#### What the task asks:
Reproduce exactly, leaving out pictures, each line from the one holding "次に、リスタートにより電磁力" through the final line of the listing, and add nothing.

▽

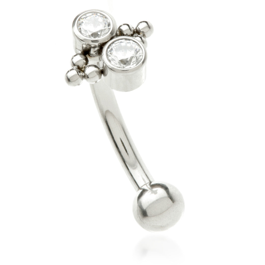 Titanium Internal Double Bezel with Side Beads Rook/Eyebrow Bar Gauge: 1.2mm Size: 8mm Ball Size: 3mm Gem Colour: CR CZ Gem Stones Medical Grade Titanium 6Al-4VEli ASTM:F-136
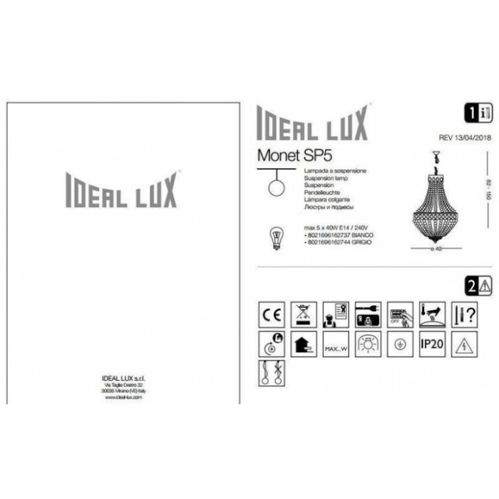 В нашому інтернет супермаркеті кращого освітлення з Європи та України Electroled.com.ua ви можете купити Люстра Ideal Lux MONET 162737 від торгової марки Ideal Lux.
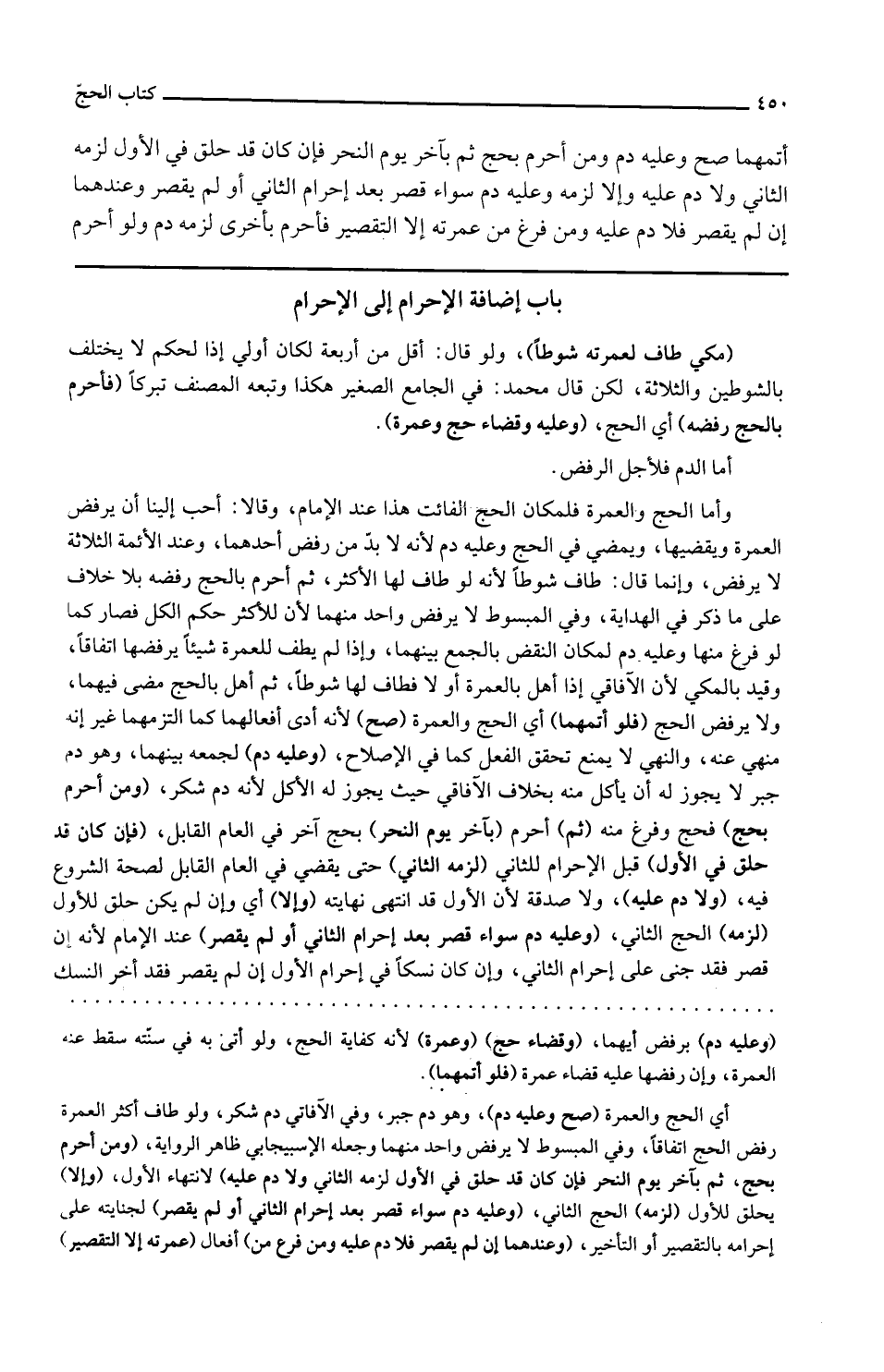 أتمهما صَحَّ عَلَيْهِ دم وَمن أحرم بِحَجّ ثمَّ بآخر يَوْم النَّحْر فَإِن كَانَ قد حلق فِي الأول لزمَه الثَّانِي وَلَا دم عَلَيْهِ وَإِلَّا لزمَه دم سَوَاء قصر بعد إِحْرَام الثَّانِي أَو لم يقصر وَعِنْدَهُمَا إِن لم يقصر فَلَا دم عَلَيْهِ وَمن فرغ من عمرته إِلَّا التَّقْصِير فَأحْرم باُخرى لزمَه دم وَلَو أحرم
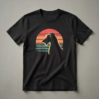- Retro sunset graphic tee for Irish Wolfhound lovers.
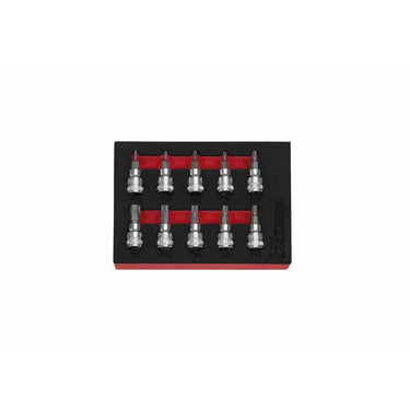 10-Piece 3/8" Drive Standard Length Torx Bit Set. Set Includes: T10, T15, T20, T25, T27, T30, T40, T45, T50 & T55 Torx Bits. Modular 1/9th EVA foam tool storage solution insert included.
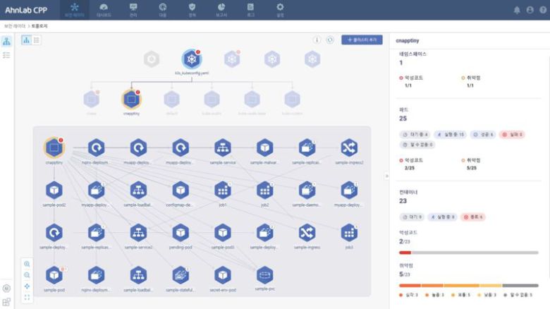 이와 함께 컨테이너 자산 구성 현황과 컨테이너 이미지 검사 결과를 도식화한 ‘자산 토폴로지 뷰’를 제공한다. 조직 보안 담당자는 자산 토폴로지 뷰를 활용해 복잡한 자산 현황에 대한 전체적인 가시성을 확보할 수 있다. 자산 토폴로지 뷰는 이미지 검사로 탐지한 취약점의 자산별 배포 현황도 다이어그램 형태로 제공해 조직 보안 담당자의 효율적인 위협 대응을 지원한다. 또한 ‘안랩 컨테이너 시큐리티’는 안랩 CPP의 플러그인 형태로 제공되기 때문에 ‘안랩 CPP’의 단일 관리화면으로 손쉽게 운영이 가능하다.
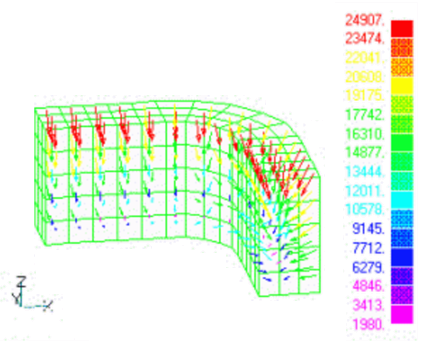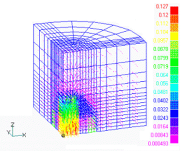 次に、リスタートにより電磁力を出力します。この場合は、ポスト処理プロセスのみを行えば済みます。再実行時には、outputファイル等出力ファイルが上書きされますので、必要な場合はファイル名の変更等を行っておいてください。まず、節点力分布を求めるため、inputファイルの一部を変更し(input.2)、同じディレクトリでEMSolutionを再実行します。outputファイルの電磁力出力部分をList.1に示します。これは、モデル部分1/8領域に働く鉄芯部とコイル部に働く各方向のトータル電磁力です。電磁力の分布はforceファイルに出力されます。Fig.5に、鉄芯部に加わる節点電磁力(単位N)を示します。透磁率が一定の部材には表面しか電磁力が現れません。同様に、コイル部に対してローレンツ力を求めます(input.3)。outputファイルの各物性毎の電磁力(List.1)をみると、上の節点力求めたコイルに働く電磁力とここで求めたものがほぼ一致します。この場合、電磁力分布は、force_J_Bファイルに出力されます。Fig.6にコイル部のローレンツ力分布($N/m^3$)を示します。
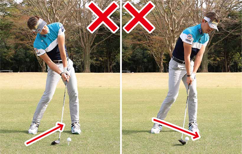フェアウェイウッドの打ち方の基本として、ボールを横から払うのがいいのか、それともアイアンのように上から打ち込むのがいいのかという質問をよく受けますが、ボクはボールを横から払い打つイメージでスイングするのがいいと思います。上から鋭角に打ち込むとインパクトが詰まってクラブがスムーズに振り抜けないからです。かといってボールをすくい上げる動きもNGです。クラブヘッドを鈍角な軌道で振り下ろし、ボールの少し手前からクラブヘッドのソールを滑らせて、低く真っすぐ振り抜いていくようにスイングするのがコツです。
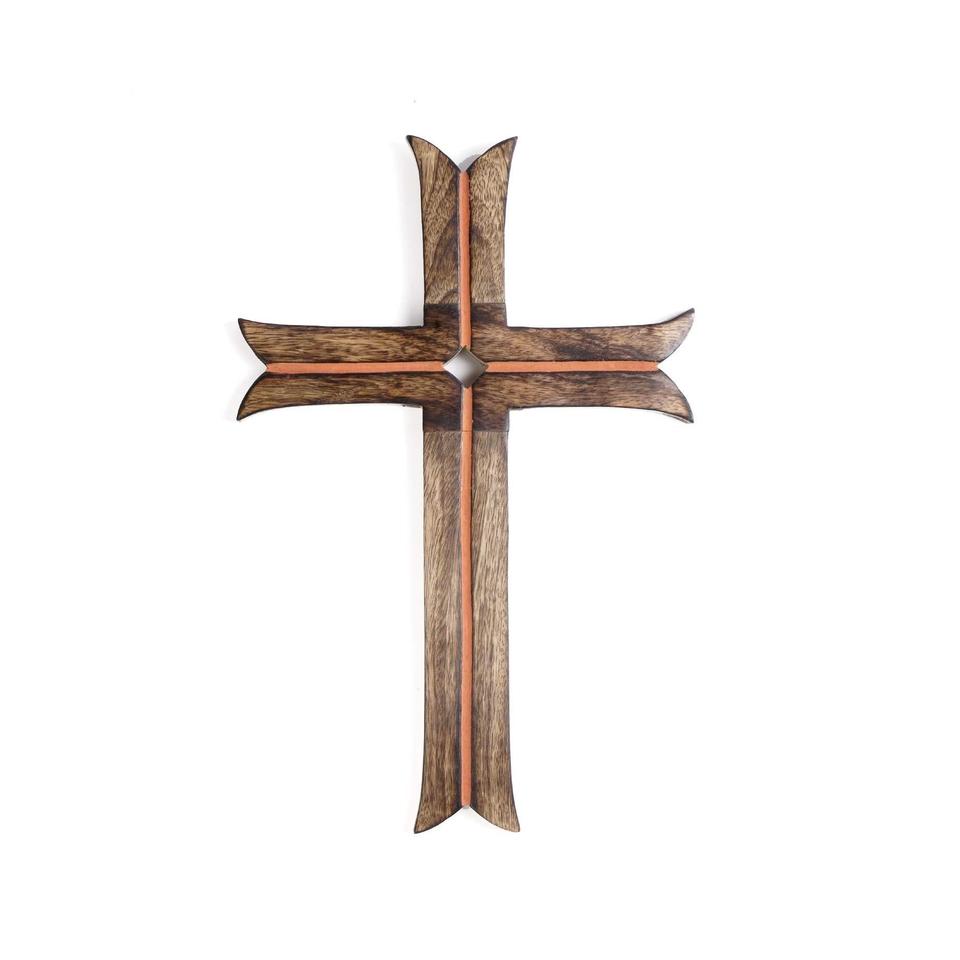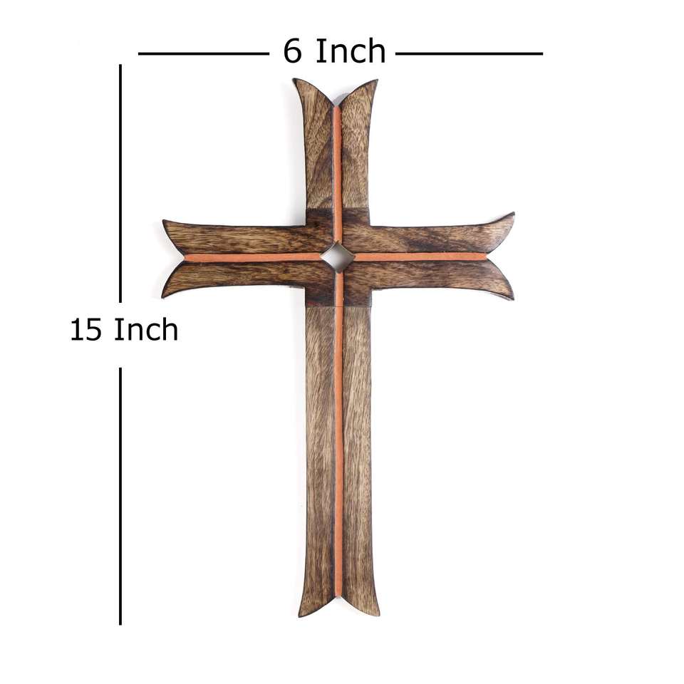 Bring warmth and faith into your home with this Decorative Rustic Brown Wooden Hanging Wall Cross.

△

#### Written answer:
 次に、リスタートにより電磁力を出力します。この場合は、ポスト処理プロセスのみを行えば済みます。再実行時には、outputファイル等出力ファイルが上書きされますので、必要な場合はファイル名の変更等を行っておいてください。まず、節点力分布を求めるため、inputファイルの一部を変更し(input.2)、同じディレクトリでEMSolutionを再実行します。outputファイルの電磁力出力部分をList.1に示します。これは、モデル部分1/8領域に働く鉄芯部とコイル部に働く各方向のトータル電磁力です。電磁力の分布はforceファイルに出力されます。Fig.5に、鉄芯部に加わる節点電磁力(単位N)を示します。透磁率が一定の部材には表面しか電磁力が現れません。同様に、コイル部に対してローレンツ力を求めます(input.3)。outputファイルの各物性毎の電磁力(List.1)をみると、上の節点力求めたコイルに働く電磁力とここで求めたものがほぼ一致します。この場合、電磁力分布は、force_J_Bファイルに出力されます。Fig.6にコイル部のローレンツ力分布($N/m^3$)を示します。
フェアウェイウッドの打ち方の基本として、ボールを横から払うのがいいのか、それともアイアンのように上から打ち込むのがいいのかという質問をよく受けますが、ボクはボールを横から払い打つイメージでスイングするのがいいと思います。上から鋭角に打ち込むとインパクトが詰まってクラブがスムーズに振り抜けないからです。かといってボールをすくい上げる動きもNGです。クラブヘッドを鈍角な軌道で振り下ろし、ボールの少し手前からクラブヘッドのソールを滑らせて、低く真っすぐ振り抜いていくようにスイングするのがコツです。
 Bring warmth and faith into your home with this Decorative Rustic Brown Wooden Hanging Wall Cross.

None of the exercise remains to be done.